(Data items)
=== Begin Enclosure ===

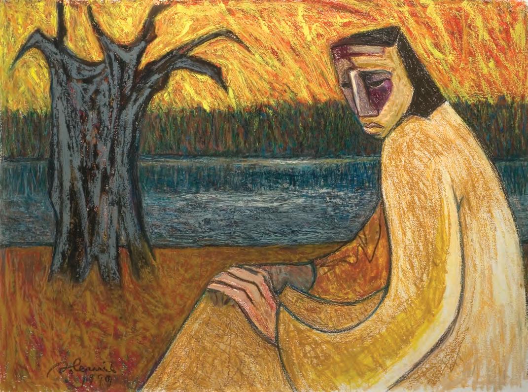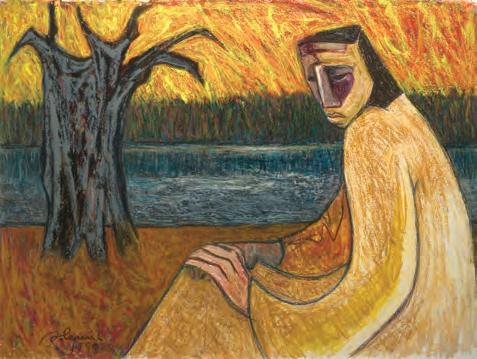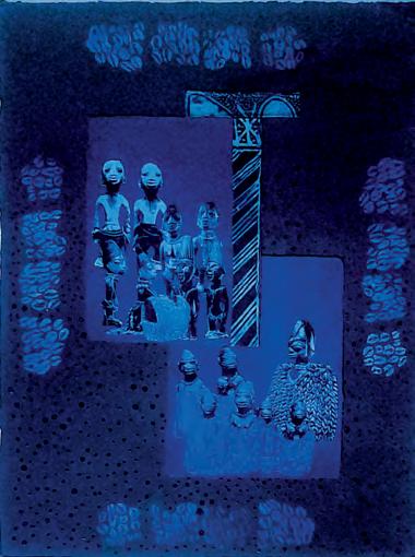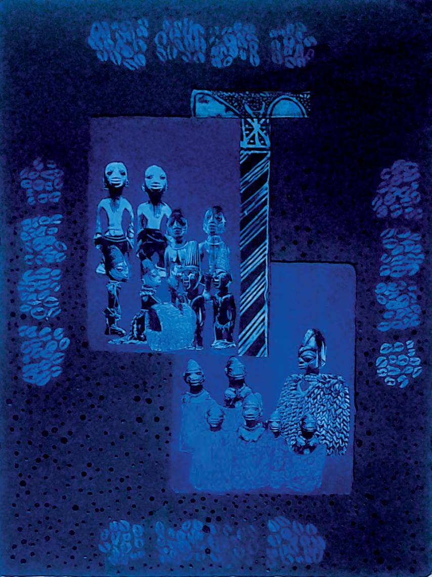 Samella Lewis, Bayou Woman, 1999, Oil stick on paper, 24 x 30 inches, Collection of Eric Key; Patricia Kaersenhout, Invisible Men, 2009, Digital prints, bound book, ed. 750, 101/4 x 7¼ inches,
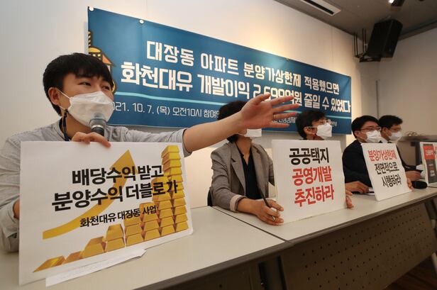 참여연대 민생희망본부와 민변 민생경제위원회는 7일 서울 종로구 참여연대 사무실에서 기자회견을 열고 대장동 개발지구 아파트에 분양가 상한제가 적용됐다면 화천대유의 분양 매출이 1조3890억원에서 1조1191억원으로 2699억원 줄었을 것이라고 분석했다.
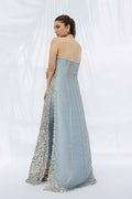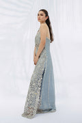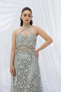 A vision in glacial silver, this halter dress is sculpted from intricate cutwork, glimmering with crystals and tonal zardoze embroidery. The diamante-encrusted crisscross neckline lends architectural drama, while a sheer overlay reveals a sleek bandeau beneath. Paired with pure raw silk trousers, the look becomes a statement of modern artistry.
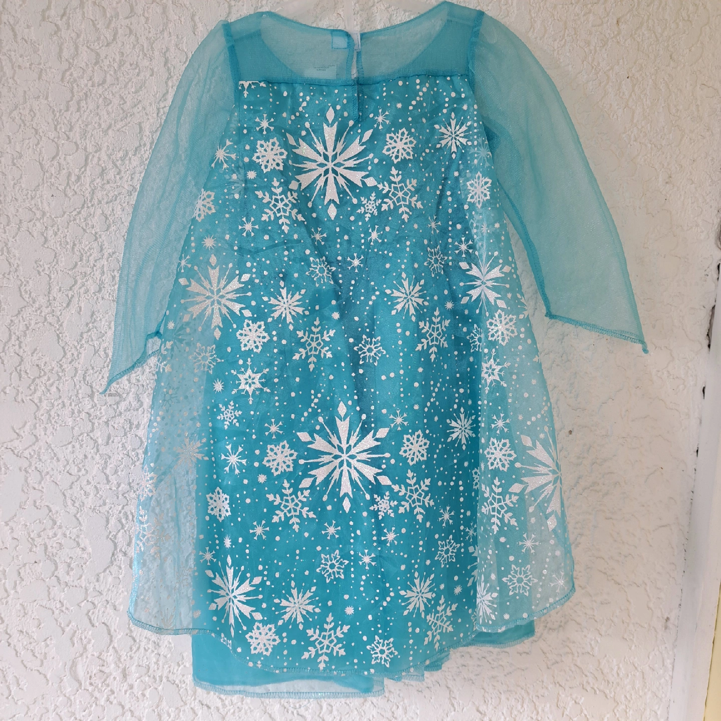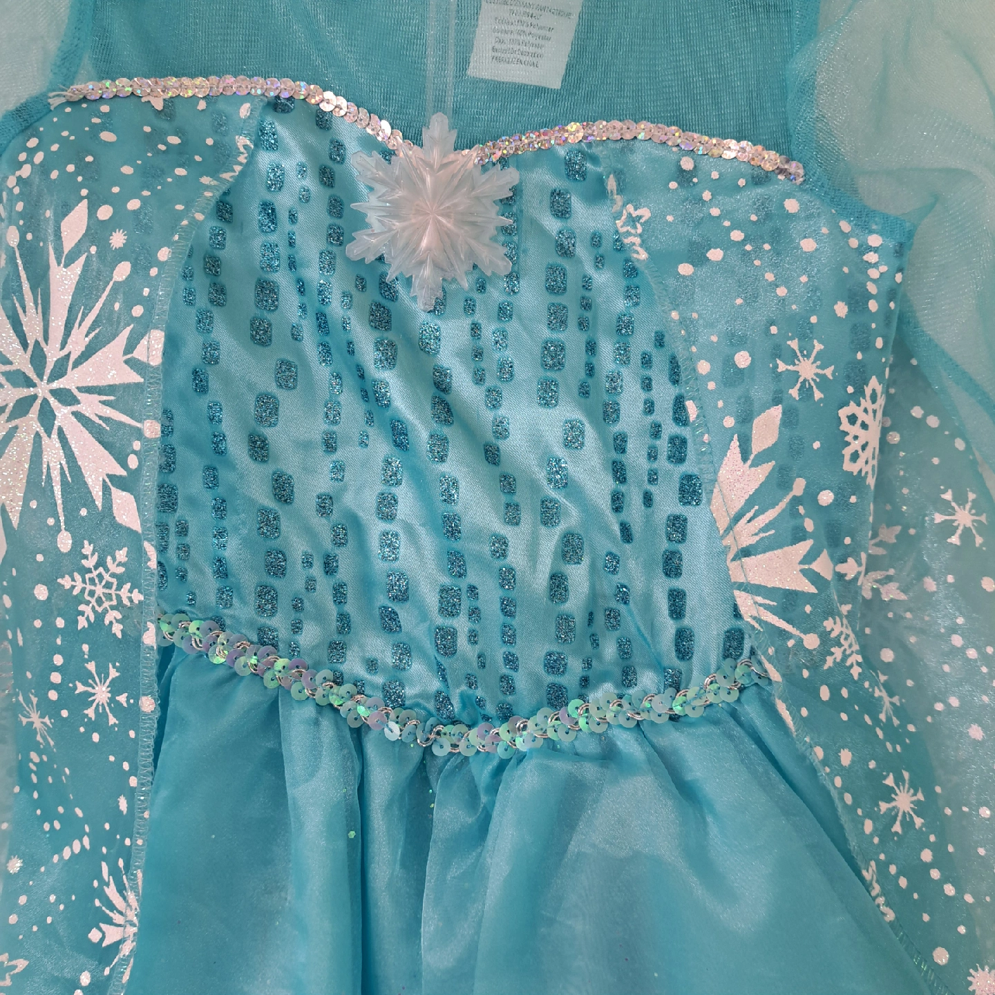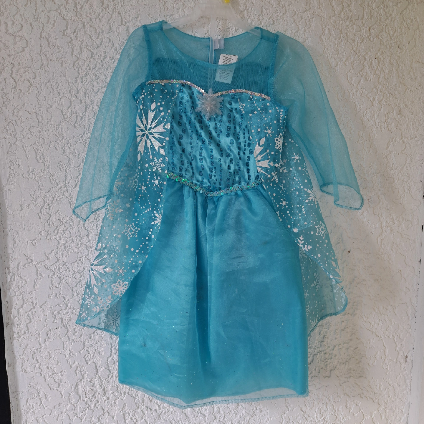 Elsa princess dress with Cape in back excellent condition, never worn (just minor defect with the Velcro backing a bit loose) sparkley snowflake pattern pattern battery pack inside dress lights up the skirt portion of the dressnwoth twinkle lights Size would range from 3T to 5T (or possibly 6T for a very small 6 yo) check out my other listing for costumes and other kids items (shoes, coats, toys etc.) open to reasonable offers! pet-free smoke-free bug-free home
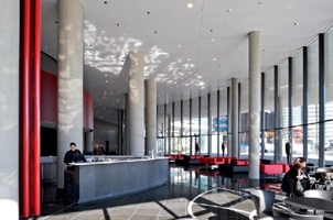 De hoogste en meest expressieve toren herbergt een hotel met 344 kamers. Het 110 meter hoge bouwwerk is bekleed met rode metalen panelen die alle licht zijn gebogen. Zo ontstaat een toren met een ‘ingedeukt’ uiterlijk, dat steeds verandert voor wie er aan voorbij rijdt.
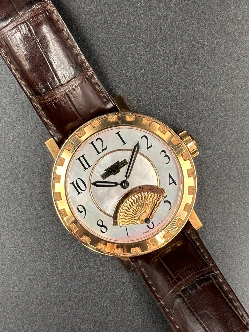 Dial: White Mother-of-Pearl with Arabic Numerals & an “Oriental Fan” Sub-dial (retrograde seconds)
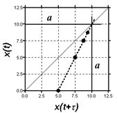 Согласно формуле (2.13) значение x¥ = c0, а согласно (2.17) эта величина лежит на биссектрисе угла между осями декартовых координат (если их масштабы равны) на пересечении с графиком функции (2.16). Так получается один из способов экстраполяционного определения начального содержания реагента. Это особенно важно в тех случаях, когда по каким-то причинам измерить точно эту величину затруднительно. Для этой цели кинетические данные измеряют или представляют через равные интервалы времени. Вся процедура определения x¥ = c0 = a показана ниже на модельном примере.
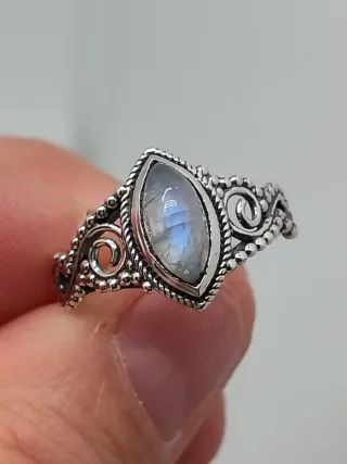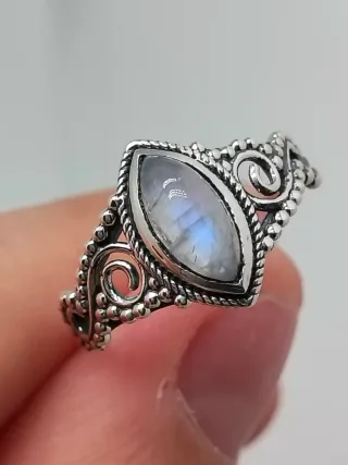 Elegante anillo de plata de ley 925 con una piedra luna central en talla marquise. Su diseño intrincado le da un toque bohemio y sofisticado. - Material: Plata de Ley 925. - Piedra: Piedra Luna. - Talla de la piedra: Marquise. - Talla 14/54 17,1 milímetros
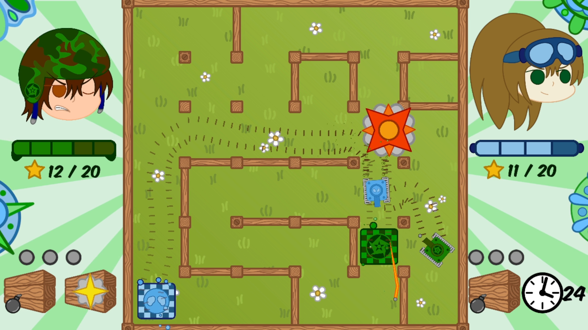 Racing Tanks is a short local multiplayer game in which you fight against your friends in
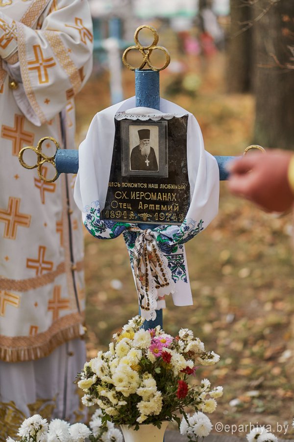 19 октября 2019 года, 45 лет назад, почил по Бозе схииеромонах Артемий (Потоцкий) (+1974). Новомученик и сподвижник ХХ века похоронен на старокривском кладбище, которое расположено возле церкви святителя Николая Чудотворца. В этом сельском храме по благословению Высокопреосвященного Стефана, архиепископа Гомельского и Жлобинского, викарный архиерей, епископ Светлогорский Амвросий в сослужении благочинного Рогачевского округа протоиерея Алексия Смотрицкого и духовенства благочиния возглавил заупокойную Божественную литургию в память об о. Артемие. По окончании Литургии владыка Амвросий совершил панихиду на могиле схииеромонаха. Всем собравшимся совершить память воина Христова Его Преосвященство раздал в благословение иконки. Возвращаясь в Гомель, епископ Амвросий посетил сельские кладбища в д. Хизов и д. Берестовец Кормянского района. На могиле владыки Глеба (Савина), похороненном на хизовском погосте, епископ Амвросий совершил литию. Помянул владыка усопших сродников и на берестовецком кладбище. Автор Елена Силивончик Фото Кирилла САСЫКБАЕВА |

=== End Enclosure ===

#### [WORK INSTRUCTIONS]
Above are entries with pictures among them. Write out exactly the lines from the one containing "A vision in" through the one containing "Dial: White Mother-of-Pearl", ends included, and leave those pictures out.

#### [ANSWER BELOW]
 A vision in glacial silver, this halter dress is sculpted from intricate cutwork, glimmering with crystals and tonal zardoze embroidery. The diamante-encrusted crisscross neckline lends architectural drama, while a sheer overlay reveals a sleek bandeau beneath. Paired with pure raw silk trousers, the look becomes a statement of modern artistry.
 Elsa princess dress with Cape in back excellent condition, never worn (just minor defect with the Velcro backing a bit loose) sparkley snowflake pattern pattern battery pack inside dress lights up the skirt portion of the dressnwoth twinkle lights Size would range from 3T to 5T (or possibly 6T for a very small 6 yo) check out my other listing for costumes and other kids items (shoes, coats, toys etc.) open to reasonable offers! pet-free smoke-free bug-free home
 De hoogste en meest expressieve toren herbergt een hotel met 344 kamers. Het 110 meter hoge bouwwerk is bekleed met rode metalen panelen die alle licht zijn gebogen. Zo ontstaat een toren met een ‘ingedeukt’ uiterlijk, dat steeds verandert voor wie er aan voorbij rijdt.
 Dial: White Mother-of-Pearl with Arabic Numerals & an “Oriental Fan” Sub-dial (retrograde seconds)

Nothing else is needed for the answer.